Exposure-Response (E-R) analysis of efficacy and safety of niraparib/abiraterone acetate combination in patients with metastatic castration-resistant prostate cancer
Muriel Boulton (1), Anasuya Hazra (2*), Angela Lopez-Gitlitz (2), Ke Zhang (2), Hui Tian (2), Nahor Haddish-Berhane (2), Juan Jose Perez Ruixo (3), Alberto Russu (4)
(1) Janssen R&D, Belgium, (2) Janssen R&D, USA, (3) Janssen-Cilag Spain, Spain, (4) Janssen-Cilag SpA, Italy, *At the time of study conduct. Current affiliation: Regeneron, Tarrytown, NY
Introduction: Targeting the androgen receptor (AR) continues to be an important therapeutic approach in patients with metastatic castration-resistant prostate cancer (mCRPC). However, available evidence suggests that alterations in homologous recombination repair (HRR) genes, such as the breast cancer gene (BRCA), act as a second oncogenic driver and contribute to poor outcomes, resulting in earlier disease progression and higher risk of death. The niraparib/abiraterone acetate (AA) fixed-dose combination as dual-action tablet contains 2 active substances that target both oncogenic drivers: a hormonal therapy, AA, which targets the AR-axis, and a poly (adenosine diphosphate-ribose) polymerase inhibitor, niraparib, which targets HRR gene alterations including BRCA alterations.
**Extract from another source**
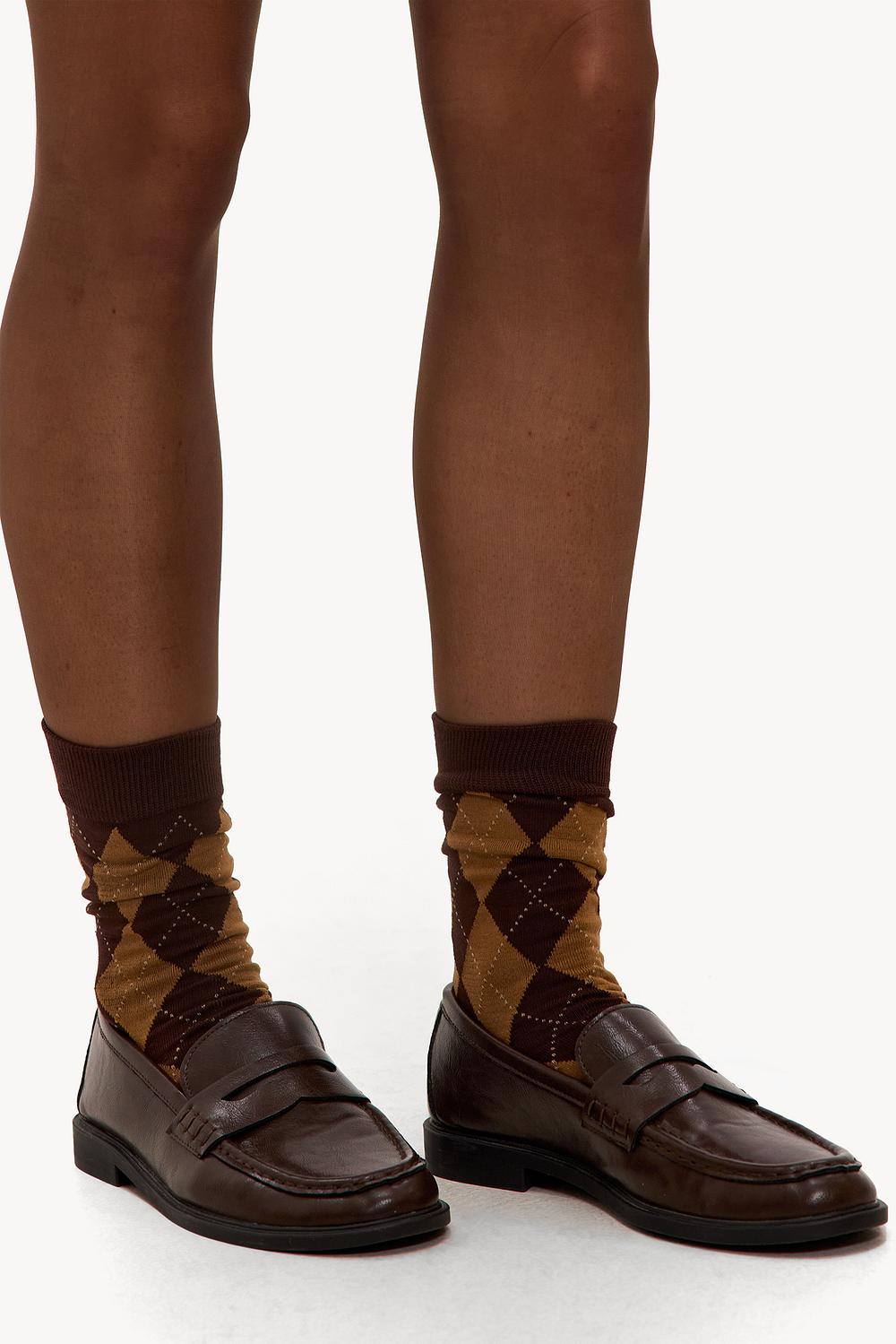 Deze bruine sokken hebben een klassiek argyle patroon in warme bruintinten voor een preppy look. De katoenen kwaliteit zorgt voor comfort en ademend draaggemfort. De tijdloze ruit print geeft een chique twist aan je outfit. Style deze sokken met loafers en een oversized knit voor een sophisticated look.

Objectives: MAGNITUDE (EudraCT: 2017-003364-12) is a Phase 3 study that evaluated the efficacy and safety of the combination of niraparib with abiraterone acetate plus prednisone (AAP) compared with AAP plus placebo in subjects with mCRPC. The objectives of this analysis were to explore the relationship between niraparib exposure and the primary endpoint (radiographic progression-free survival, rPFS, by central review) in subjects with HRR gene alteration (Cohort 1) and with BRCA gene alterations and to explore the relationship between niraparib exposure and safety endpoints (Grade 3 or higher hematological toxicity [including thrombocytopenia, anemia, and/or neutropenia], nausea, hypertension, hypokalemia, fluid retention/edema, hepatotoxicity) in subjects with or without HRR gene alterations (Cohorts 1 and 2).
Methods: At the primary analysis, multivariate Cox regression models were used to characterize the relationship between niraparib exposure and rPFS, adjusted for the statistically significant prognostic factors (baseline prostate-specific antigen, lactate dehydrogenase, alkaline phosphatase levels, presence of visceral disease, and age). Furthermore, at the second interim analysis, multivariate logistic regression models were used to characterize the relationship between niraparib exposure and selected treatment-emergent adverse events (TEAEs) meeting the pre-defined criteria for application of E-R analysis (overall incidence ≥10% and significant difference between the incidences in the treatment groups based on a nominal p-value <0.05). The exposure metrics for the efficacy and safety analyses were respectively the individual average drug concentration (Cavg) and the individual AUC0-24h, both based on the post-hoc estimates from the final population pharmacokinetic model and scaled by the average daily dose up to the time of the first event of interest (rPFS event, TEAE, end of treatment, censoring date).
Results: The niraparib plus AAP combination of 200/1,000 mg showed a statistically significant reduction in the risk of radiographic progression or death compared with the placebo plus AAP combination (HR=0.729; 95% CI: 0.556, 0.956; p=0.0217). The multivariate Cox regression with niraparib Cavg categorized by quartiles adjusted for the prognostic factors for the All HRR population (N=414) resulted in a hazard ratio (HR) lower than 1 for all quartiles (HR=0.732, 0.486, 0.736, 0.823 in Q1 to Q4 respectively) and a lack of E-R relationship. Similar results were obtained in a subgroup analysis including only subjects with BRCA gene alterations (N=221). Therefore, differences in niraparib exposure within the evaluated dosing regimens are not expected to be associated with clinically relevant differences in rPFS for the All HRR population as well as the BRCA subgroup.
For the safety endpoints, only anemia met the pre-defined criteria, with an overall incidence of 21%, of which 35% were in the niraparib plus AAP group versus 8% in the placebo plus AAP group (N = 656). The other endpoints were reported in <10% of the subjects and/or with similar proportions between treatment groups. While there was an increased probability of experiencing Grade 3/4 anemia with increasing niraparib exposure, this was manageable with dose interruptions/reductions and supportive care, with only few subjects discontinuing study treatment due to anemia in MAGNITUDE.
Conclusions: The E-R analysis based on safety and efficacy data obtained in subjects with mCRPC in MAGNITUDE supports the adequacy of the intended clinical dose of 200 mg niraparib in combination with 1,000 mg AA mg. For niraparib related tolerability issues, the dose of niraparib can be reduced to 100 mg.